▼代替たんぱく質 食肉や魚、牛乳をはじめとする既存のたんぱく源のかわりに植物性原料を用いた商品など代替となる新たな食品をさす。豆などからつくる植物肉のほか、家畜や魚類の細胞を培養して増やす培養肉、微生物の発酵を用いた「精密発酵」による乳製品風の食品、昆虫食などが代表的だ。

世界の人口増加による食料需要の拡大でたんぱく源が足りなくなる「たんぱく質危機」への備えとなる。畜産で生じる温暖化ガスの削減にも寄与するとして関心が高まり、スタートアップや大企業の参入が相次いだ。世界のスタートアップ向け投資は2023年まで2年連続で落ち込んだが、米国の金利上昇下で投資家が投資そのものへの慎重姿勢を強めていることも背景にある。

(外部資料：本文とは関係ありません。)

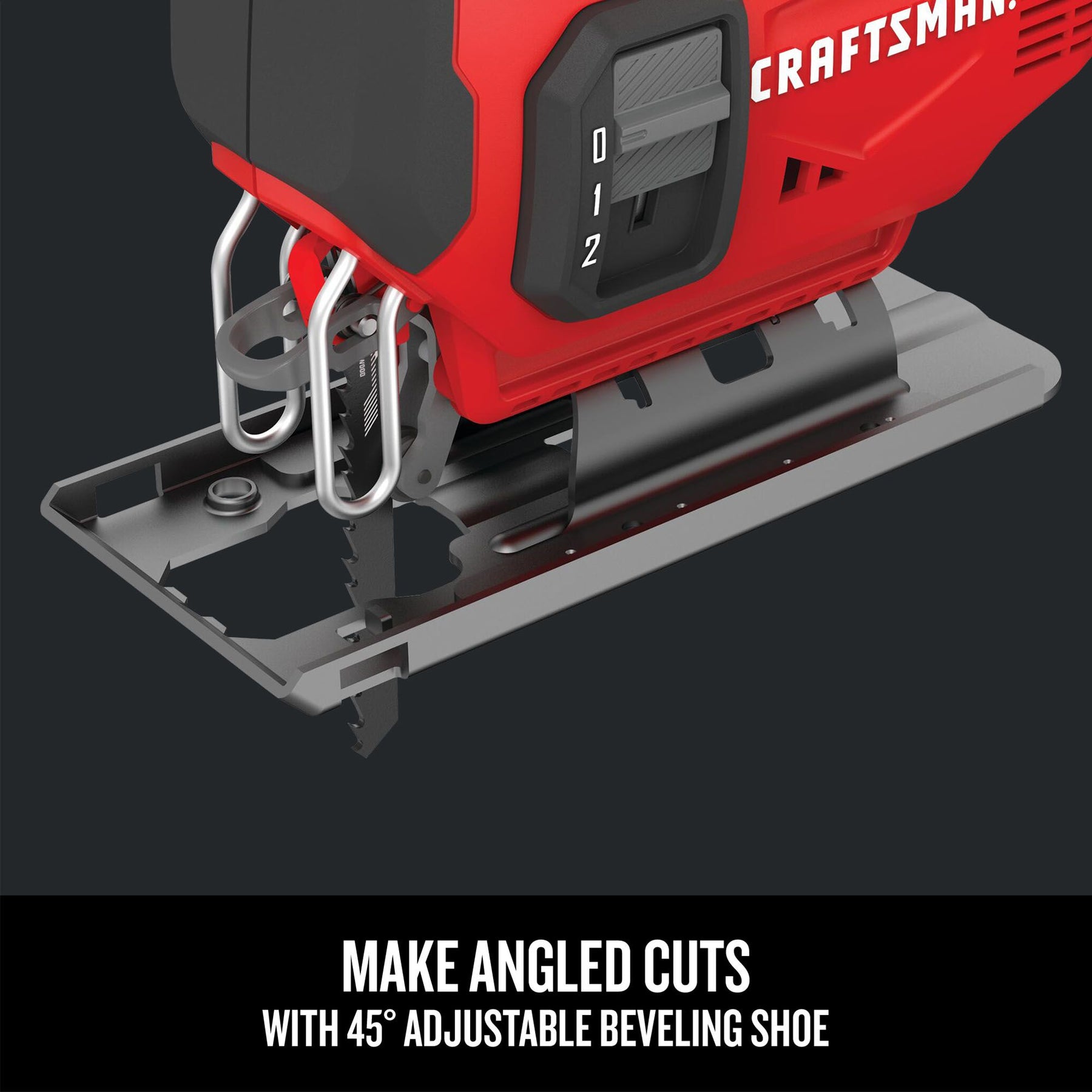This CRAFTSMAN V20 cordless jigsaw delivers clean, controlled cuts across a range of materials. A variable-speed trigger up to 2,500 SPM, 3 orbital settings, and a 45° beveling shoe provide precision and versatility, while the keyless blade change and integrated dust blower streamline use.
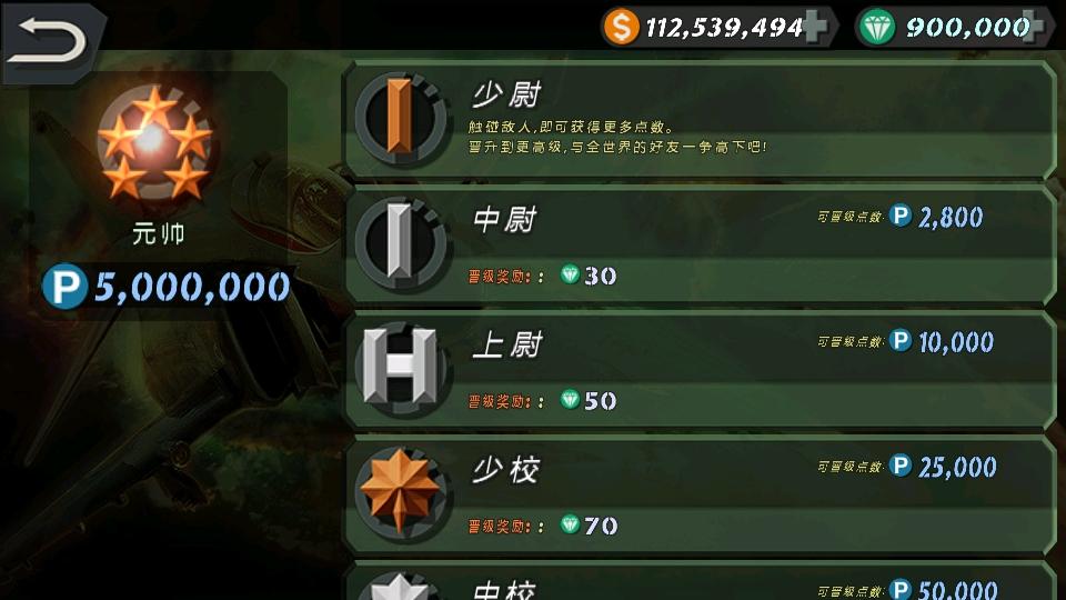 从最低的少尉开始,通过完成任务,获得晋级点数来晋升更高级别的军衔。
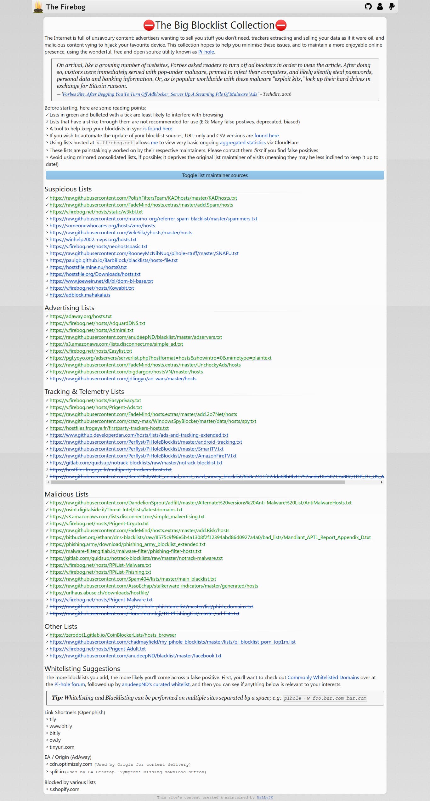 بعد ذلك سنحتاج firebog هذا الموقع الذي به قواعد الملايين من المواقع المجهزة للحجب مقسمة حسب المجال
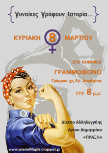 Το Δίκτυο Αλληλεγγύης Αγίου Δημητρίου ΠΡΑΞΗ τιμά την Παγκόσμια Ημέρα της Γυναίκας και διοργανώνει βραδιά γυναικών στο καφενείο «Γραμμόφωνο» (Γράμμου 37, Άγιος Δημήτριος), την Κυριακή 8 Μαρτίου, στις 8 το απόγευμα.
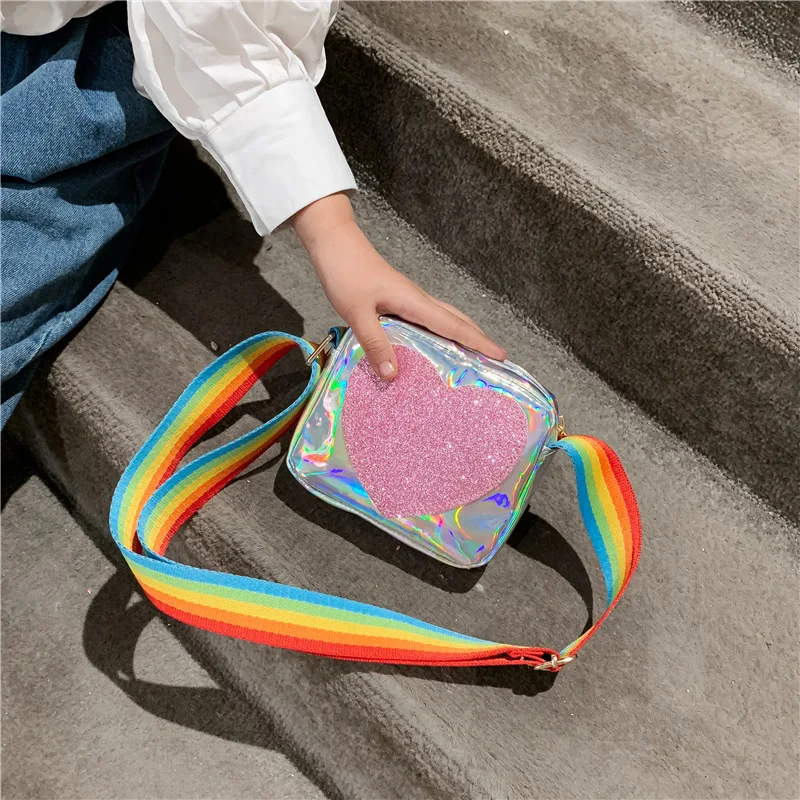 Прямая продажа с фабрики детская маленькая сумка Женская Новинка 2019 персиковая блестящая Детская сумка-мессенджер через плечо с сердцем

食料安全保障の観点で欧州連合(EU)が植物性たんぱく質の生産拡大を掲げるなど各国・地域の競争は激しい。既存の産業や食文化と摩擦もある。イタリアは培養肉の禁止法案を可決し、米国でもフロリダ州とアラバマ州は培養肉の製造・販売を禁じた。普及には技術革新による味やコストの改善に加えて社会との対話が必要だ。